My whole life, always, always running, as fast as my legs could carry me. Sweat dripping down my face, getting into my eyes and mouth. The taste of salt on my tongue.
I open my eyes. Shaking, holding on to Marnie’s hands so tight my fingers ache, I take another step. Marnie cheers.
At two in the morning, I wake to the sound of alarms wailing somewhere down the hall from my bed. I open my eyes: It’s never really dark in here, but it doesn’t matter how light it is because I can’t crane my head to look at what’s going on. I think it’s a patient they brought in early yesterday morning.

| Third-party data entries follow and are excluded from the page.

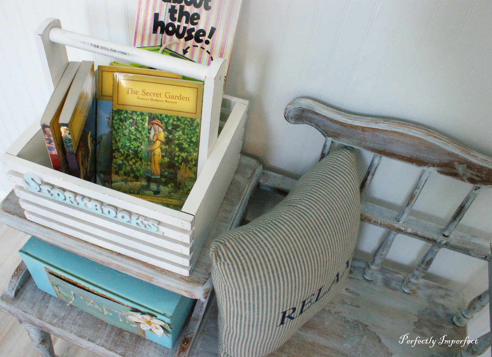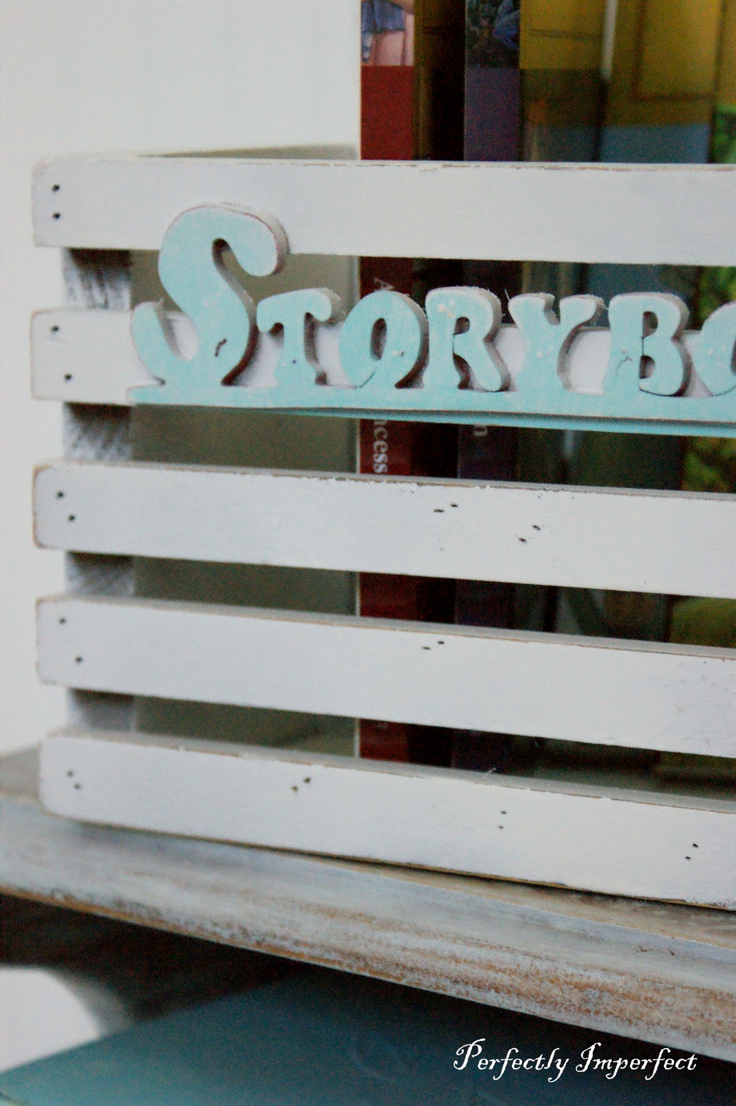 I primed it, painted it with Krylon’s Bright White Satin, and slightly distressed it. “Storybooks” is painted with a blue acrylic.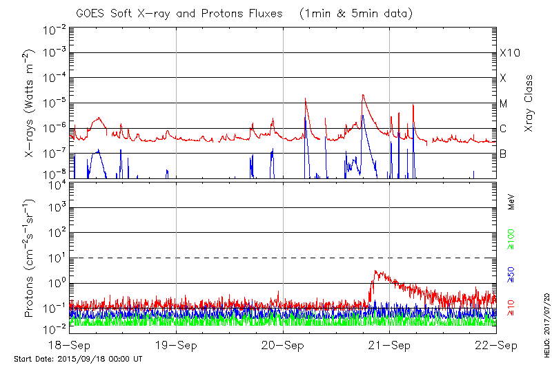 This page provides light-curves generated from GOES soft X-ray and Particle data for the date indicated at the top and the preceding three days.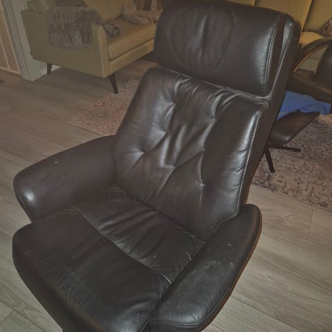 Selger våre to grønnlige skinn stoler av merket Himmola med metall såle og integrert fotskammel. Meget pent og lite brukt. Ønsker å selge de samlet 8000 pr stol, 16000 for begge.
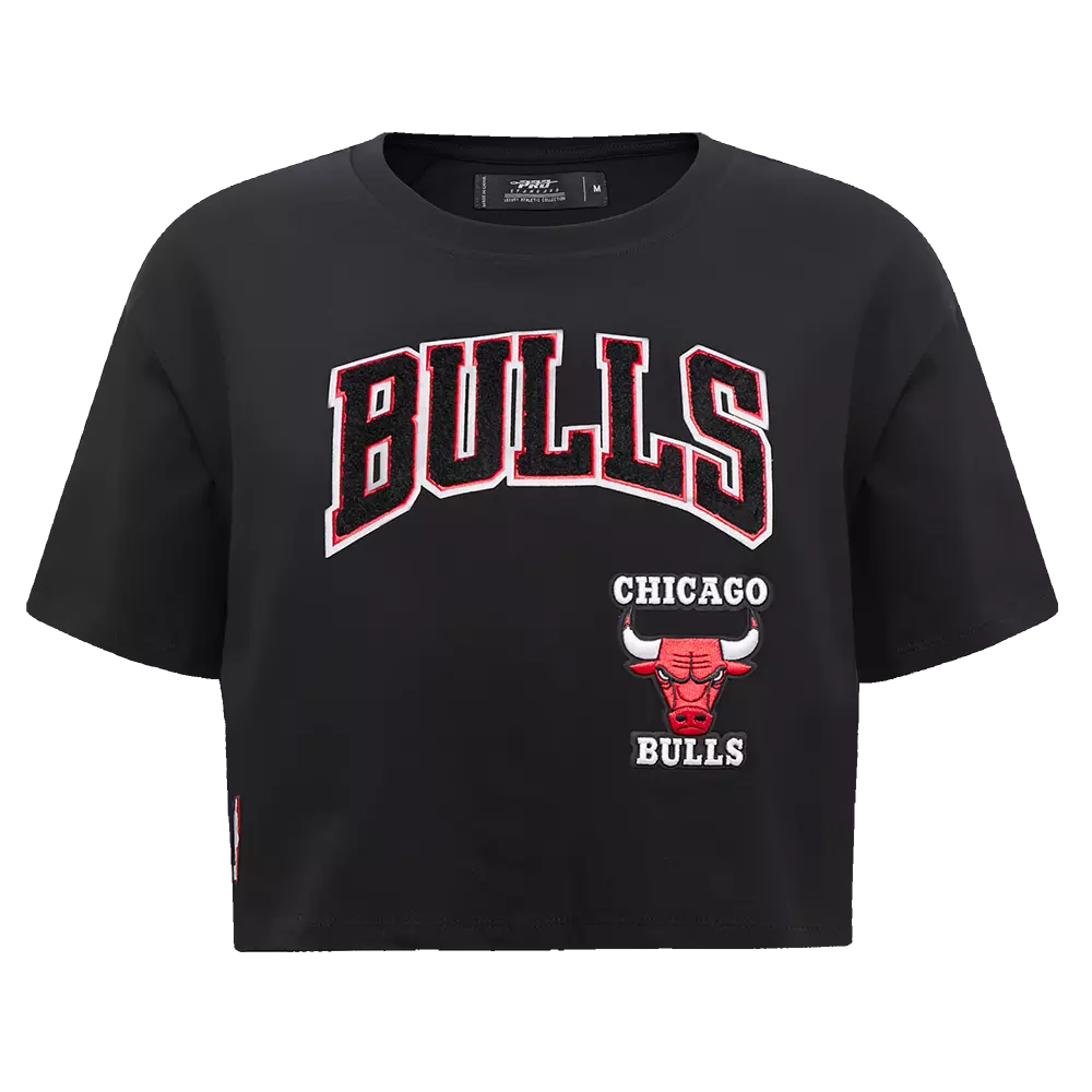 The Pro Standard Women's Chicago Bulls Retro Classic Boxy Tee - Black is made from single jersey cotton and features base twill 3D satin Stitch embroidery and premium team logo patches. The combination of these elements creates a unique and eye-catching shirt that is sure to turn heads. Whether you're dressing up for a night out or just looking for a cool new casual shirt, our tee is the perfect choice.Features
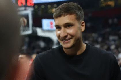 Во најновото издание, актерката позира во танга бикини додека се сонча покрај базенот – без маица, но со еден важен предмет: крема за сончање од нејзината линија за убавина „Тоти“.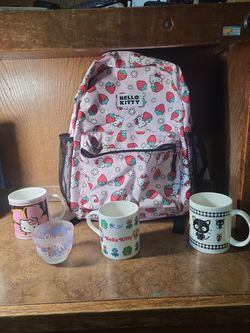 Hello kitty bundle backpack mugs tea cup$50Litchfield Park, AZ

I heard the nurses talking about him: victim of a house fire. Third-degree burns. Fourteen years old. Even younger than I am.
But still, not quite as tragic. Because technically, third-degree burns aren’t as bad as what I have.
But technicalities don’t seem to matter now. Soon, the wail of the alarms from the machines by his bed are accompanied by shouts, things I’ve only ever heard in the movies: Code blue and Stat; Don’t let go and Breathe!
I can hear it when the doctors stop yelling and the machine’s wail turns into a beep, then fades into silence. I can hear it when they give up on him. I can hear it when he dies.
I wonder if all the other patients in the burn unit are listening the way I am. Do their nurses tell them they’re lucky, too? In a few hours, will my morning nurse be standing above my bed murmuring about my good fortune, a sad look on her face because when she reported for duty at eight a.m., the nurse whose shift she was relieving told her that they’d lost a patient overnight?
But not the girl with the irreparable damage, the one whose burns are so bad there’s nothing but empty space where her flesh and blood used to be. No, it was the teenage boy who maybe set fire to his house by sneaking a cigarette in his room, or burning a candle to make it romantic when his girlfriend came over. Maybe his house had shoddy wiring. Or maybe, just maybe, it was hit by lightning.